I am currently trying to prove a Fibonacci sequence for my class and I am stuck.
$$F(n+1)^2 =F(n)^2 + F(n−1)F(n+2)\quad \text{for}\quad n\ge 2$$
What I've done so far:
$F(n+2) = F(n+1)+F(n)$
$\Rightarrow F(n+1) = F(n+2)-F(n)$
$[F(n+2)-F(n)]^2 = F(n+2)^2 - 2[F(n+2)F(n)] + F(n)^2$
$\dots\,$?
I am not quite sure I'm doing this correct or I just need to keep working at it.
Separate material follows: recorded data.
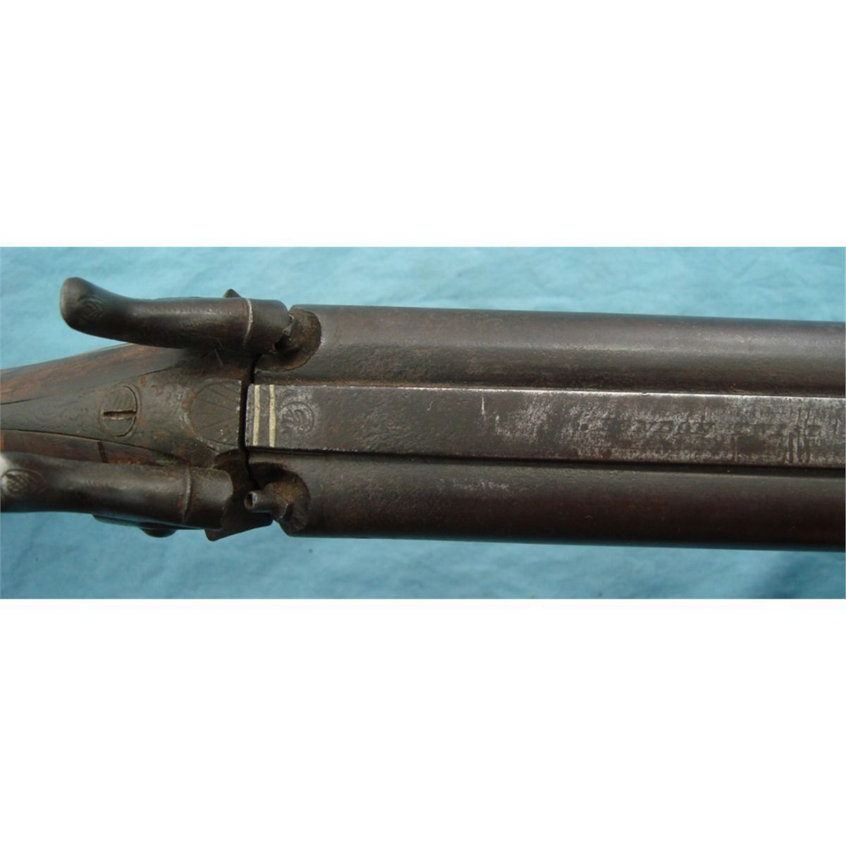#NSN; Antique. 40" bbls. approx 20 ga. bores. Marked "London Twist:". Walnut stock. Overall fair condition.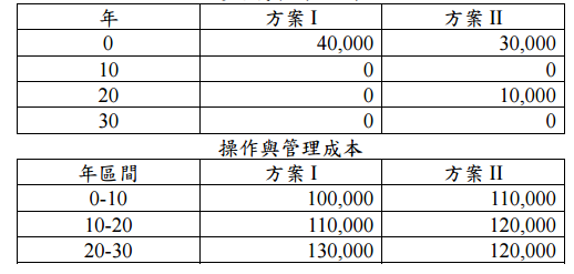 【已刪除】三、下列表格為某地區往後 30 年兩種可能供水方案,分別為建造成本及操作與管理成本。 請選出最低成本之供水方案,假設利率 0~10 年為 6%,10~30 年為 5%。(20 分) 建造成本(×10
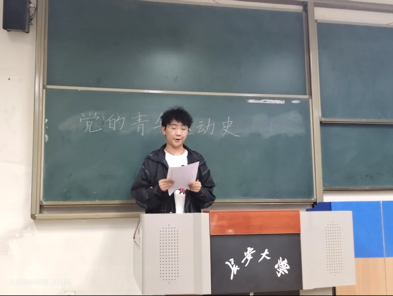 首先,黄垣硕带领同学们共同学习了自中国共产党成立以来的青年运动史,让同学们进一步了解了艰难岁月中广大青年的英勇担当,意识到当今时代吾辈青年的光荣使命。随后,支部成员一同观看视频《奋斗吧,青年!》,为新时代青年不惧艰苦,迎难而上的精神所感染,纷纷上台谈感受,讲体会,表示要不忘初心、砥砺前行,争做新时代的接棒人。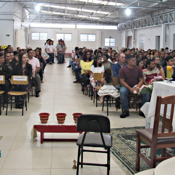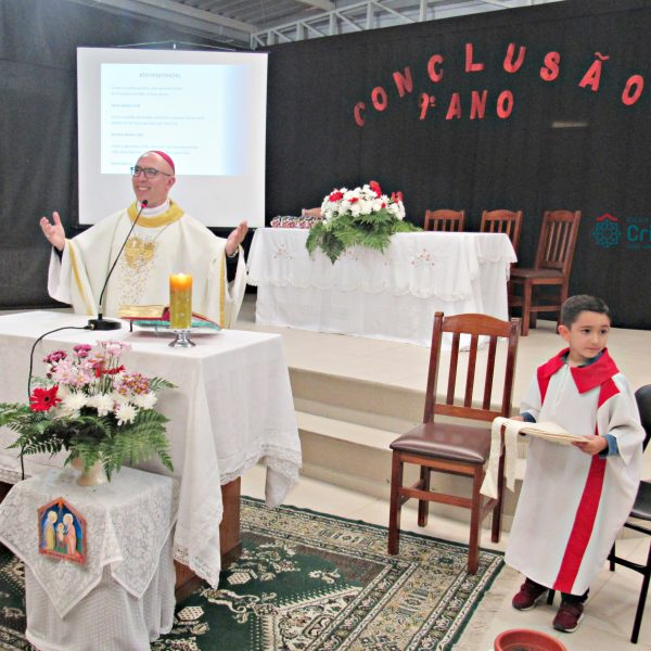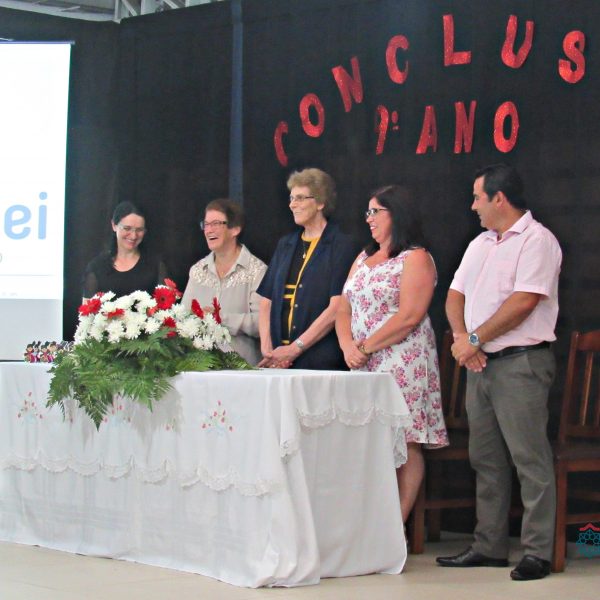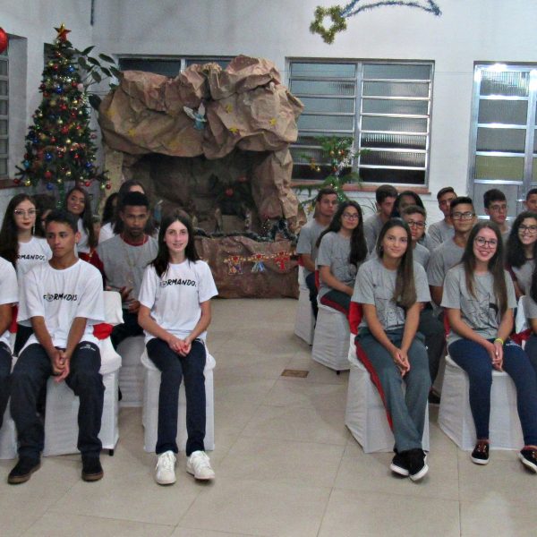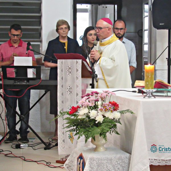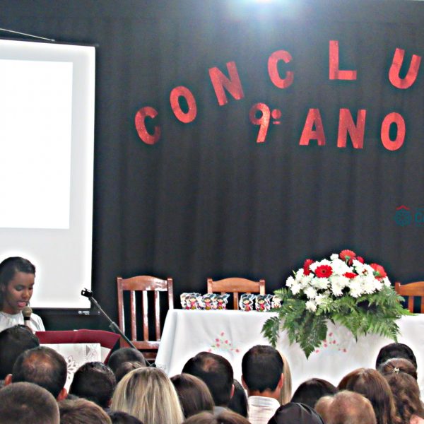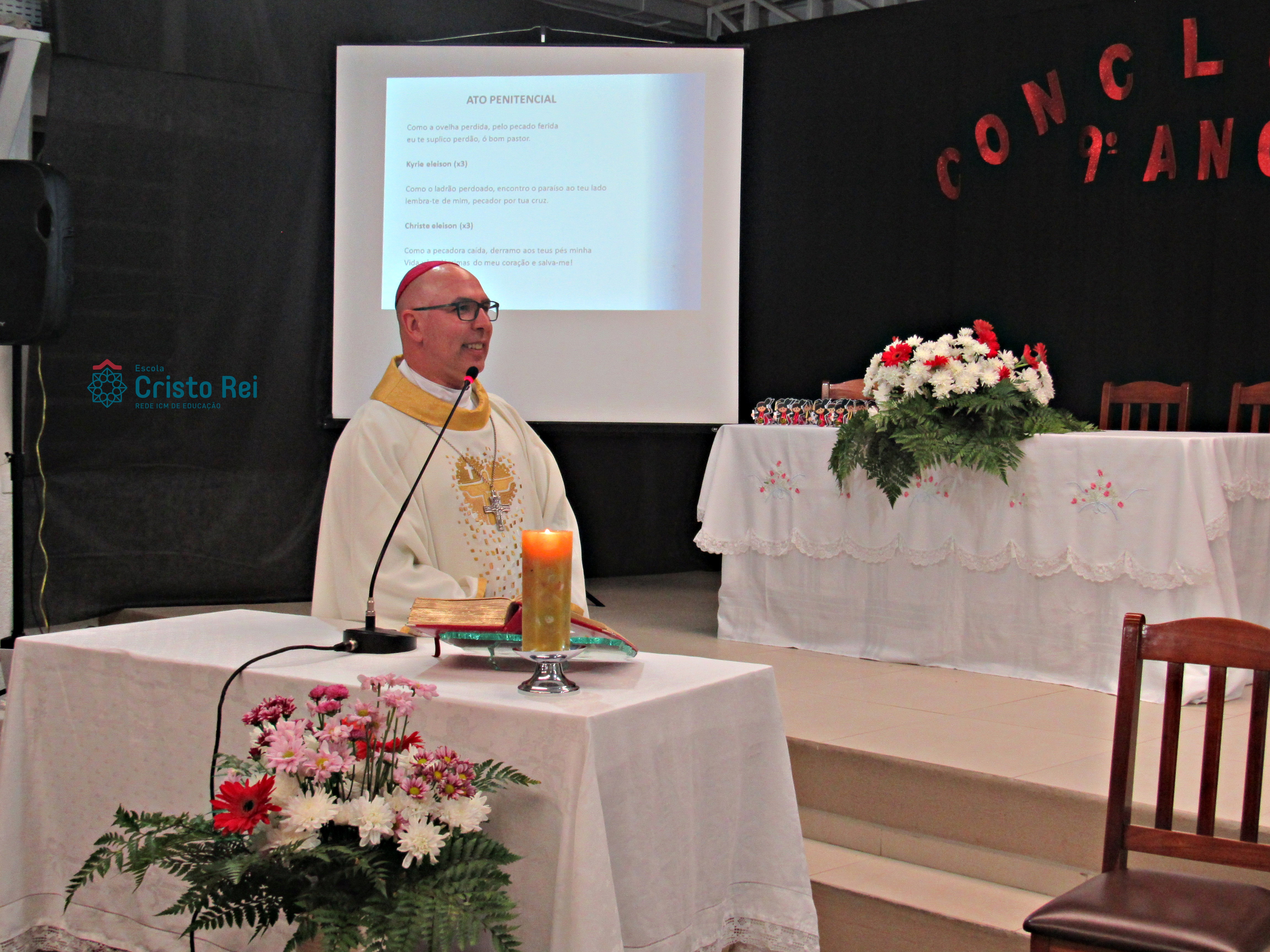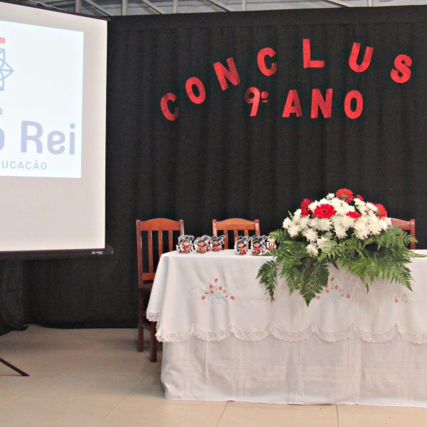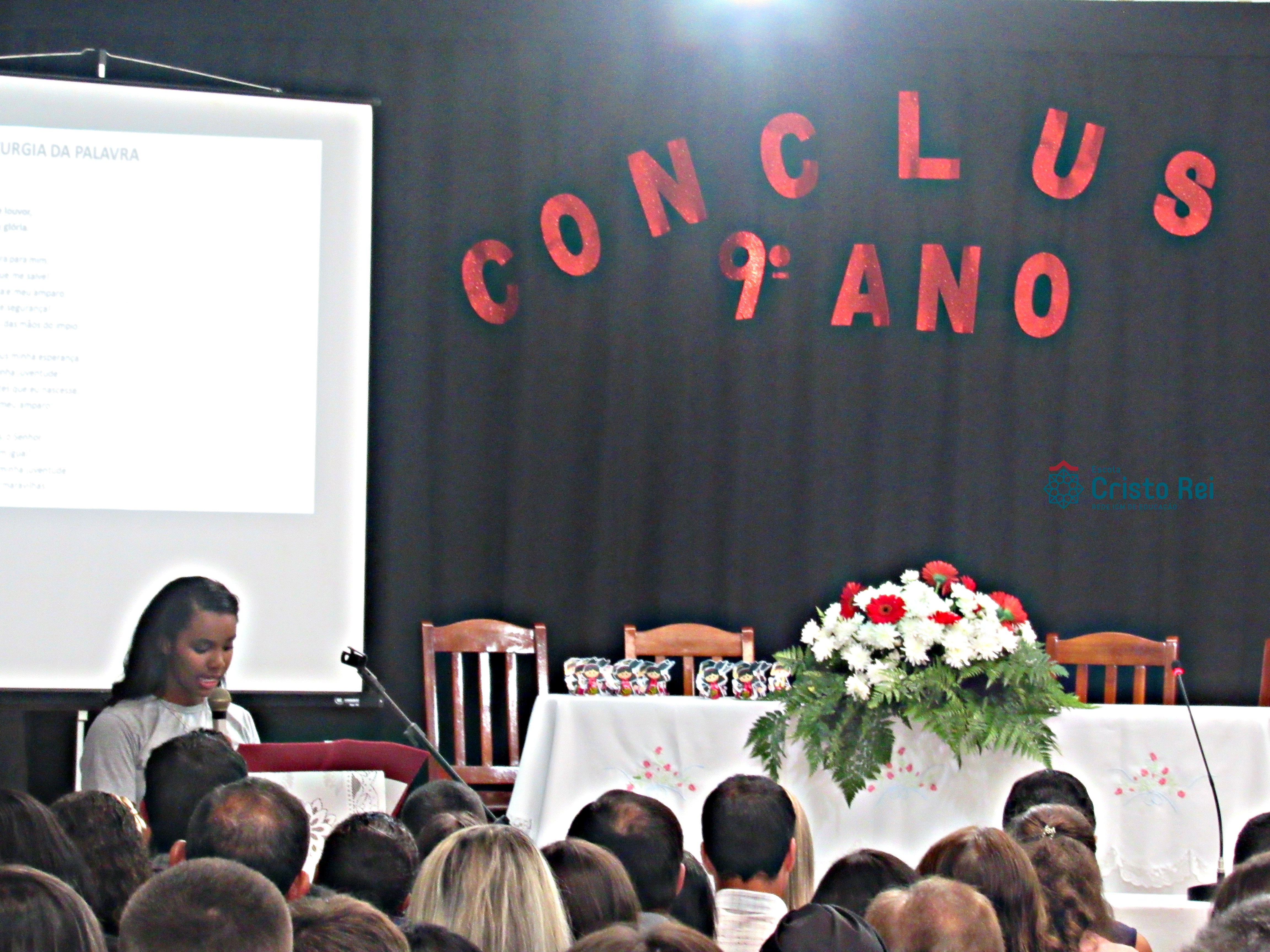No corrente mês tivemos a conclusão do nono ano, a qual contou com uma Celebração Eucarística emocionante presidida pelo Bispo D. Ricardo Hoepers, com a participação da direção, professores, alunos e familiares. Dom Ricardo em sua mensagem destacou três pontos: a sintonia primeira com Deus pela oração, a relação com o próximo e a necessária saúde espiritual e corporal de cada um para uma vida feliz. Na cerimônia de entrega dos certificados a professora Regente Valdite Helena Caetano sintetizou em imagens e palavras o carinho com seus alunos. É sempre bom perceber o quanto a Escola além de proporcionar aprendizagem, também contribui para valorizar a vida com gestos de amizade, amor ao próximo, solidariedade, fortalecendo os vínculos afetivos.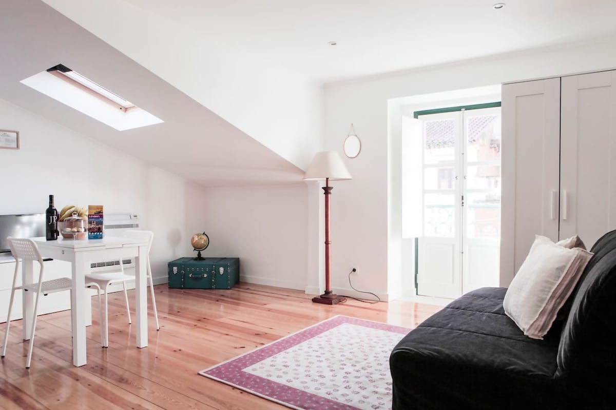 Studio 15 is a new, very well decorated and cozy apartment. A great choice for travelers interested in exploring the old town atmosphere and city walks that benefits from a privileged location: - 100m from Martim Moniz square where you can catch the famous Tram nº28 - Rossio 300m - Chiado 700m - S. Jorge Castle 1km The studio has 1 bedroom with double bed, bathroom and a living room with a sofa bed and kitchenette. We offer Free Wi-Fi. There's a flight of stairs to reach the apartment.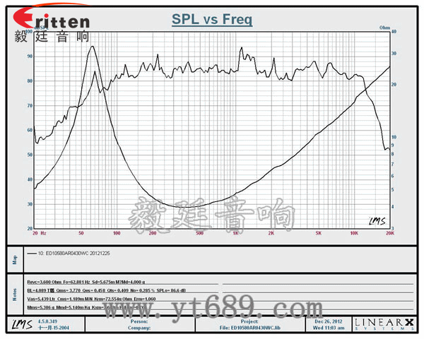 此款凸橡膠邊紙盆,額定功率30W,最大功率60W ,音色清晰、飽滿。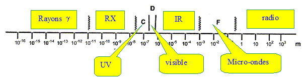 Mesures physiques : Dans l'échelle de longueur d'onde suivante, indiquer les différents domaines : Visible ; RX ; radio ; micro-ondes ; rayons g ; UV; IR.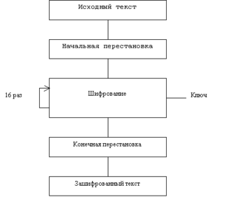 Алгоритм DES также использует комбинацию подстановок и перестановок. DES осуществляет шифрование 64-битных блоков данных с помощью 64-битового ключа, в котором значащими являются 56 бит (остальные 8 бит-проверочные биты для контроля на четность). Дешифрование в DES является операцией, обратной шифрованию, и выполняется путем повторения операций шифрования в обратной последовательности. Обобщенная схема процесса шифрования в алгоритме DES показана на рисунке 1.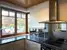 Hochwertig ausgestattete Wohnküche mit Eckfenstern und Durchreiche zum Essbereich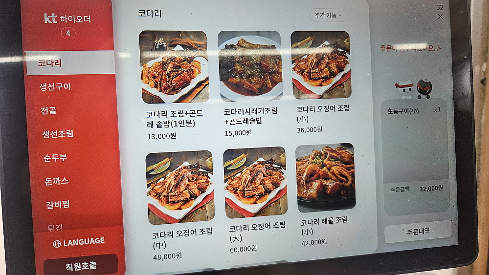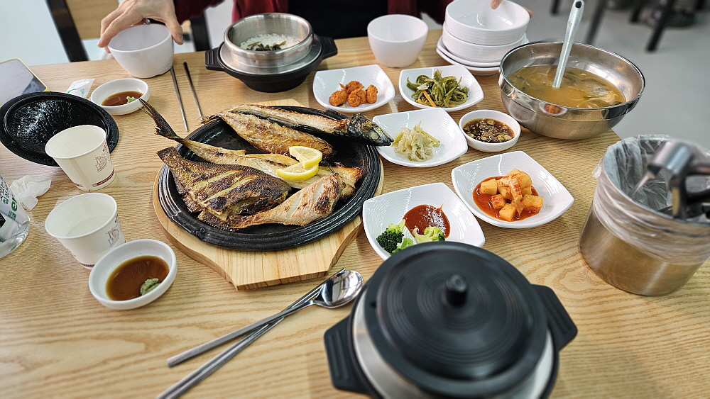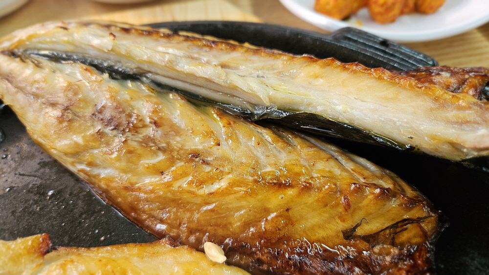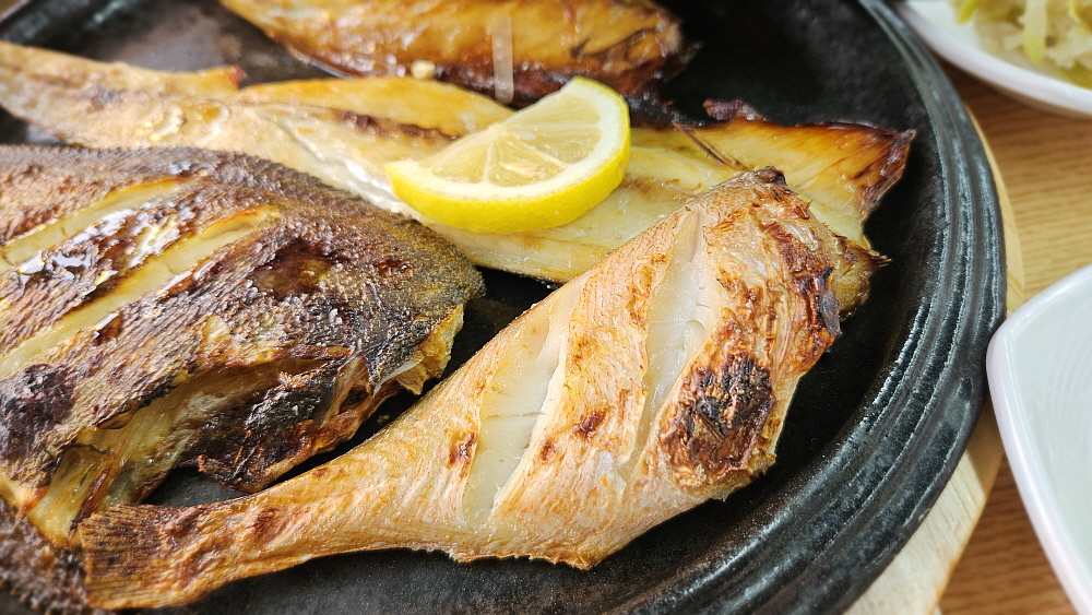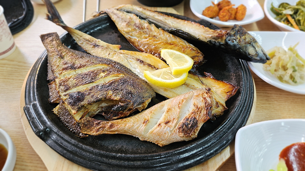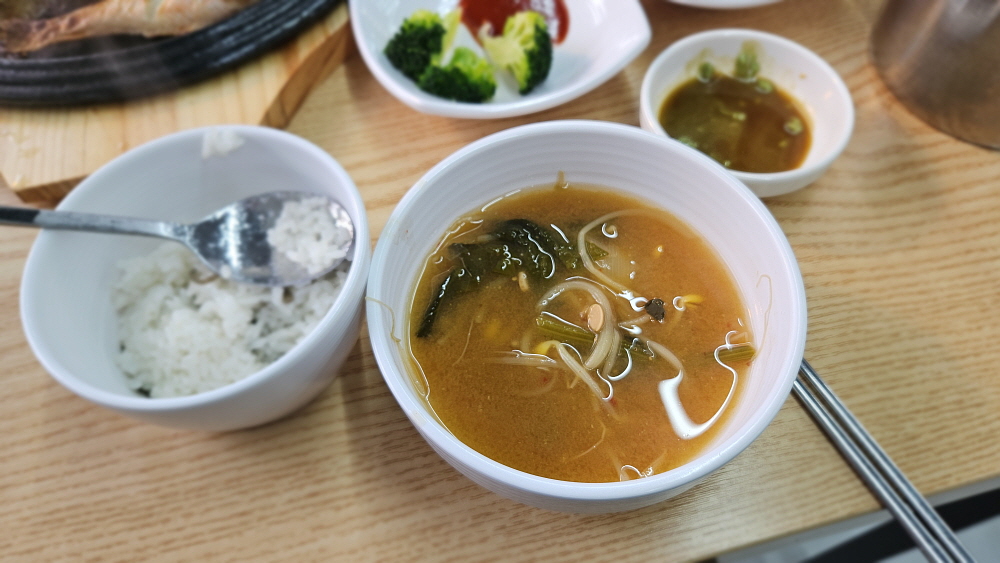 원래도 식당이었던 자리였는데 한동안 비어 있던 곳으로 새로 문을 연 이집이 영업을 하게 된 것이다. 새로 오픈한 집답게 실내는 엄청 깔끔하고 말끔했다. 요즘 어디나 있는 키오스크로 주문을 했는데 우린 2인이 먹을 수 있다는 생선구이 세트 소 사이즈를 주문했다. 32,000원이면 그리 비싼편은 아니다. 이 근처에 자작생선구이라는 집이 있는데 아마도 거기가 같은 메뉴의 가격으로 30,000원을 받았던 것 같다. 생선은 그 자체로도 값이 나가지만 굽는데 공이 많이 들어가니 그럴 수 있다고 위안을 삼았다. 분명 여기도 그냥 백반처럼 먹을 수 있는 된장찌개 같은 메뉴도 있긴 했다.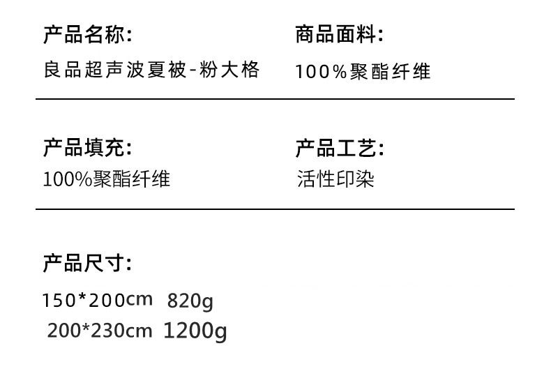 粉大格150*200cm 820g

Any help would be appreciated.
On
Hint. For all $(a,b)\in\mathbb{R}^2$, one has: $$a^2-b^2=(a-b)(a+b).$$ Apply this identity to $a=F_{n+1}$ and $b=F_n$.
On
Given that $F(n+1) = F(n) + F(n-1)$ you have
$F(n+1)^2 = F(n)^2 + 2F(n)F(n-1) + F(n-1)^2 = $
$F(n)^2 + F(n-1)[2F(n) + F(n-1)] = $
$F(n)^2 + F(n-1)[F(n) + (F(n)+F(n-1))] = $
$F(n)^2 + F(n-1)[F(n) + F(n+1)] = $
$F(n)^2 + F(n-1)F(n+2)$ QED
On
The proofs already provided are elegant. Here is another method. If we use characteristic equations, then the equation for $F_n$ is $$x^2=x+1,$$ and for any of $F_{n+1}^2$, $F_n^2$, $F_{n-1}F_{n+2}$, it is $$x^3=2x^2+4x+1,$$ so is their linear combination $$G_n = F_{n+1}^2-F_{n}^2-F_{n-1}F_{n+2}.$$
In other words, we have $$G_{n+3}=2G_{n+2}+4G_{n+1}+G_n$$ for $n\ge 2$.
On the other hand, we can verify that the $G_2=G_3=G_4=0$, so $$G_n=0$$ for all $n\ge 2$.
(The roots of the characteristic equation of $F_n$ are $\alpha=\frac{1+\sqrt{5}}{2}$ and $\beta=\frac{1-\sqrt{5}}{2}$. The roots of the characteristic equation for any homogeneous quadratic form of $F_n$ are $\alpha^2$, $\beta^2$, and $\alpha\beta=-1$. )
At this point we want to show that $$F(n+2)^2-2F(n+2)F(n)=F(n-1)F(n+2)$$ in order to complete the proof. Well we have that $$\begin{aligned} F(n) &= F(n+1)-F(n-1) \\ &= F(n+2)-F(n)-F(n-1) \end{aligned}$$ by simply using the fact that $F(k+1)=F(k+2)-F(k)$ twice. Solving for $F(n)$ yields $F(n)=\frac{1}{2}[F(n+2)-F(n-1)]$. Try using this.